═══ DATASET ENTRIES ═══

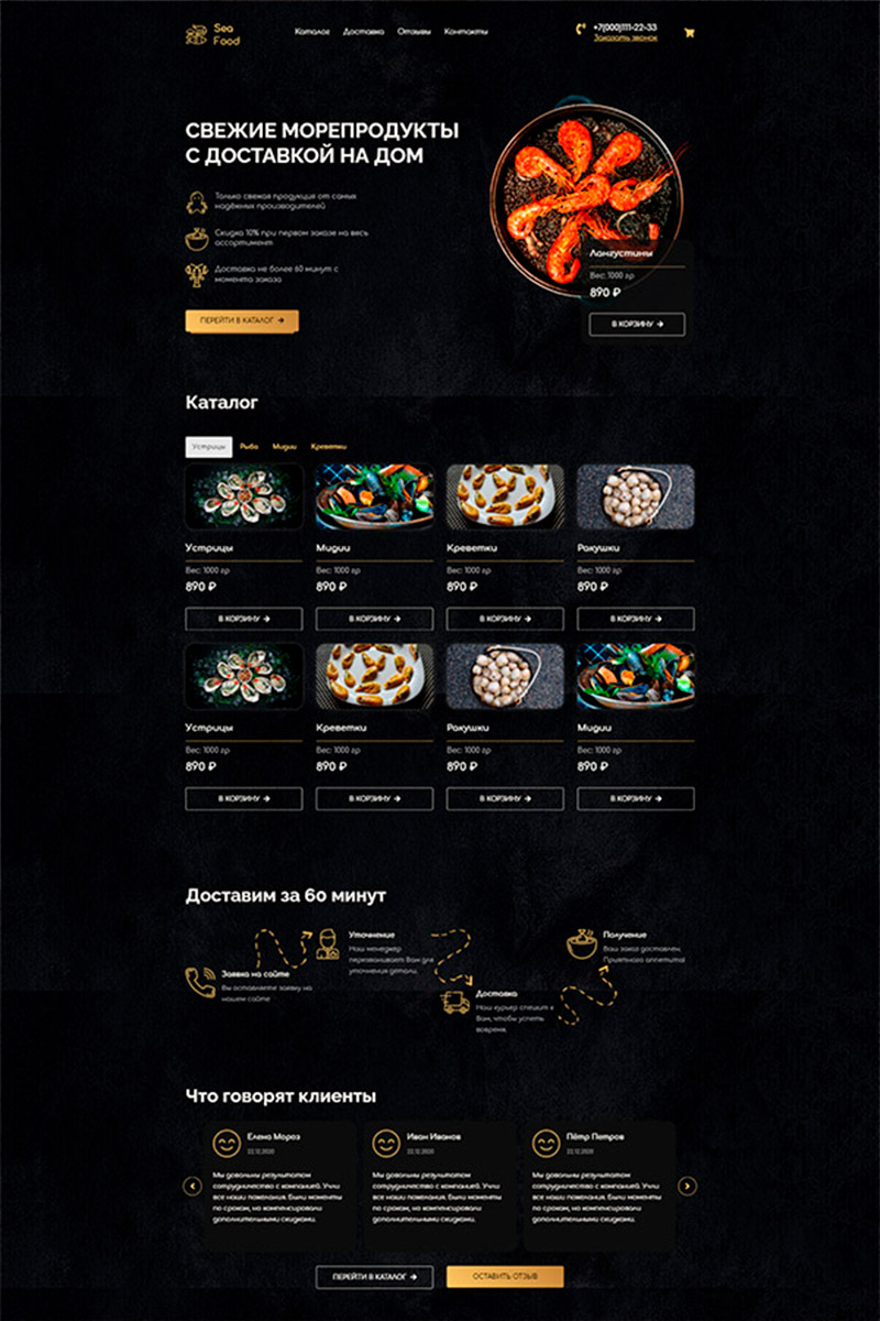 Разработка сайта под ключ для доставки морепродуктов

═══
═══ DATASET ENTRIES ═══

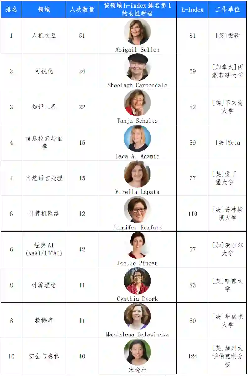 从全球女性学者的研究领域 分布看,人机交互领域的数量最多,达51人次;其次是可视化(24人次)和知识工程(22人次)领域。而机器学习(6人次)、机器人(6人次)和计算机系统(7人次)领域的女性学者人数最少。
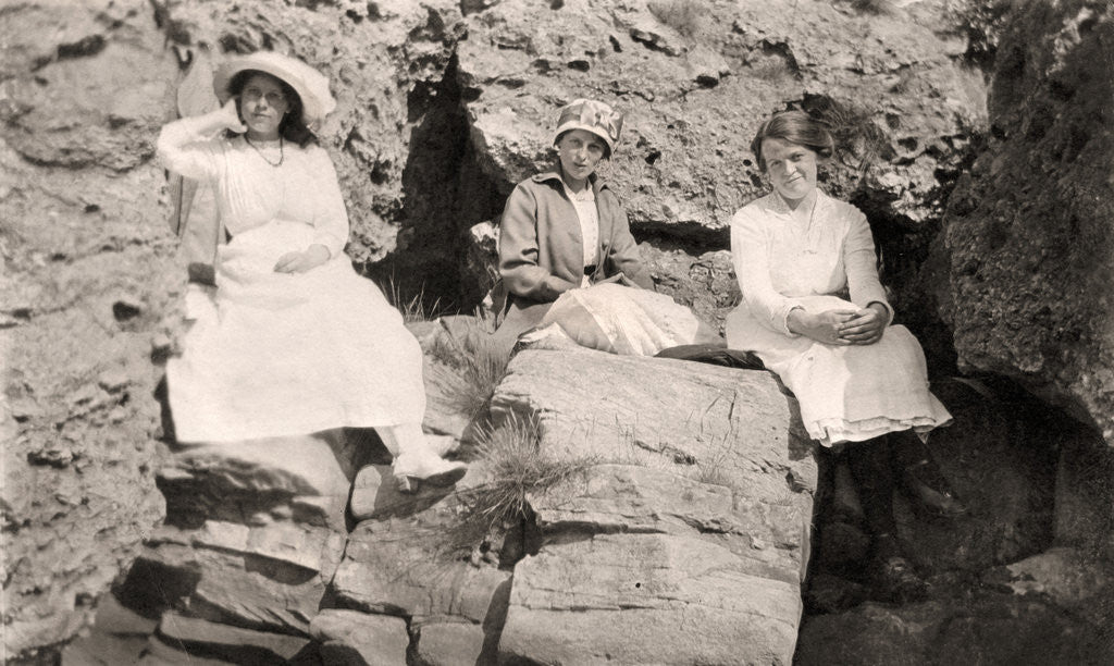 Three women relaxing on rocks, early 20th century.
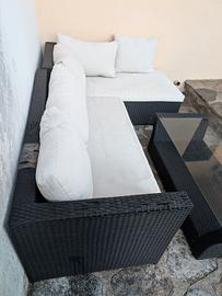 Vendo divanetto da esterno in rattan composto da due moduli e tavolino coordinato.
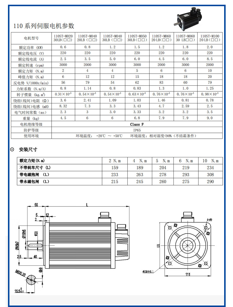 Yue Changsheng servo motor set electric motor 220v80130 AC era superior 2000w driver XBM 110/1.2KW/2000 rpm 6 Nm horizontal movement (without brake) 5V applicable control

═══
═══ DATASET ENTRIES ═══

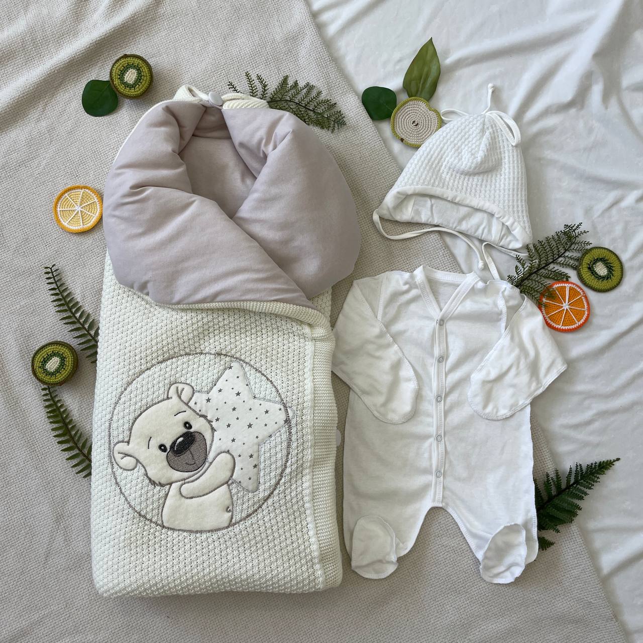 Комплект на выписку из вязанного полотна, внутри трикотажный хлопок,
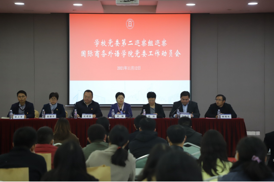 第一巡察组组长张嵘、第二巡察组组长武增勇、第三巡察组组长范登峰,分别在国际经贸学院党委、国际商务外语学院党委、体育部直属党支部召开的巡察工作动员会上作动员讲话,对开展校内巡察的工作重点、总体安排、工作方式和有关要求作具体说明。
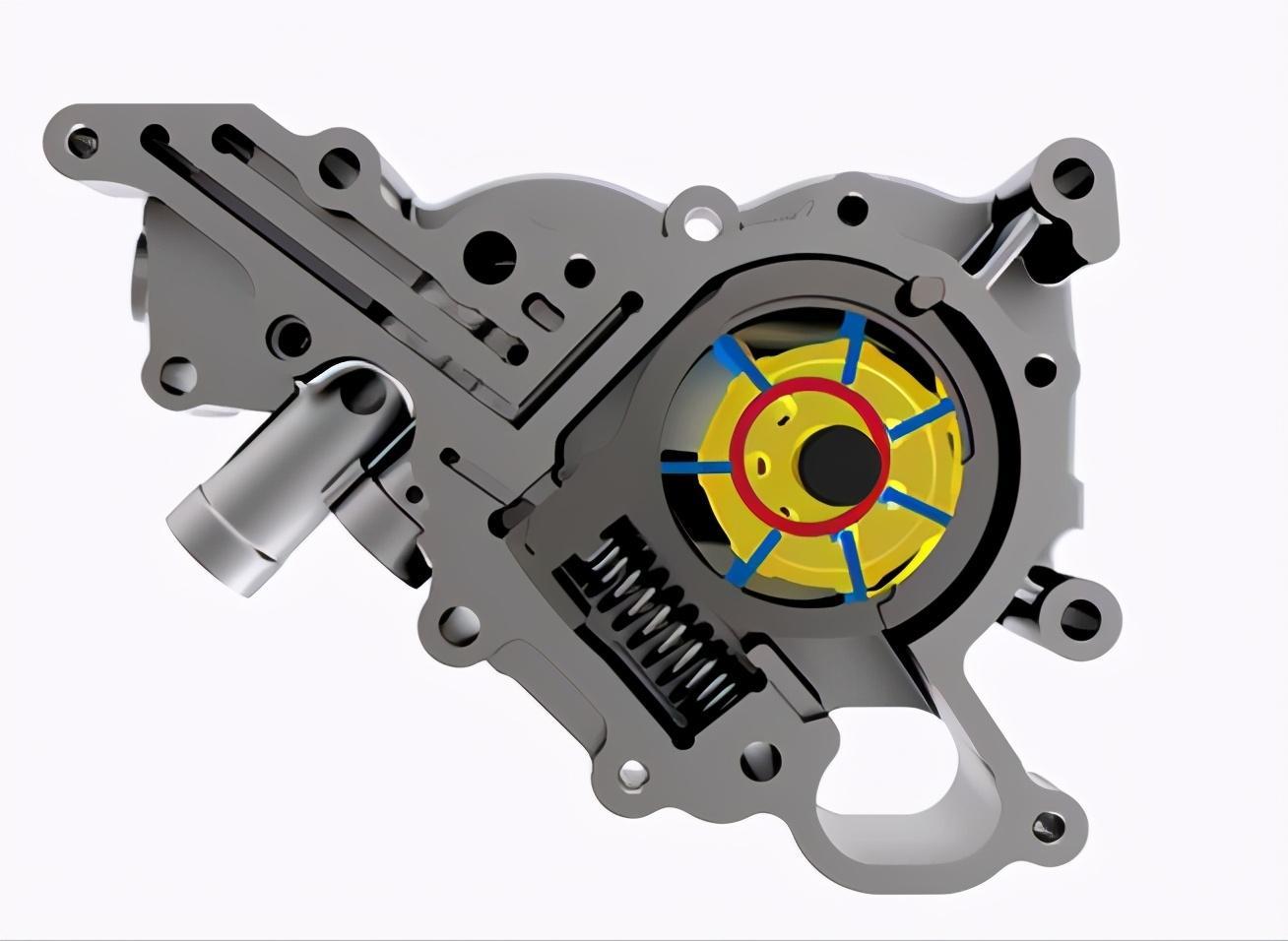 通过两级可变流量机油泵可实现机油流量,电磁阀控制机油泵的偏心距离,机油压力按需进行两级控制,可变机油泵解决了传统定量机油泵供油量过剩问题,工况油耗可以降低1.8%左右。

═══

#### [WHAT IS EXPECTED]
Pictures in the material above should be skipped; print exactly the lines from the one with "Vendo divanetto da" through the one with "Yue Changsheng servo".

#### [WORKED SOLUTION]
 Vendo divanetto da esterno in rattan composto da due moduli e tavolino coordinato.
 Yue Changsheng servo motor set electric motor 220v80130 AC era superior 2000w driver XBM 110/1.2KW/2000 rpm 6 Nm horizontal movement (without brake) 5V applicable control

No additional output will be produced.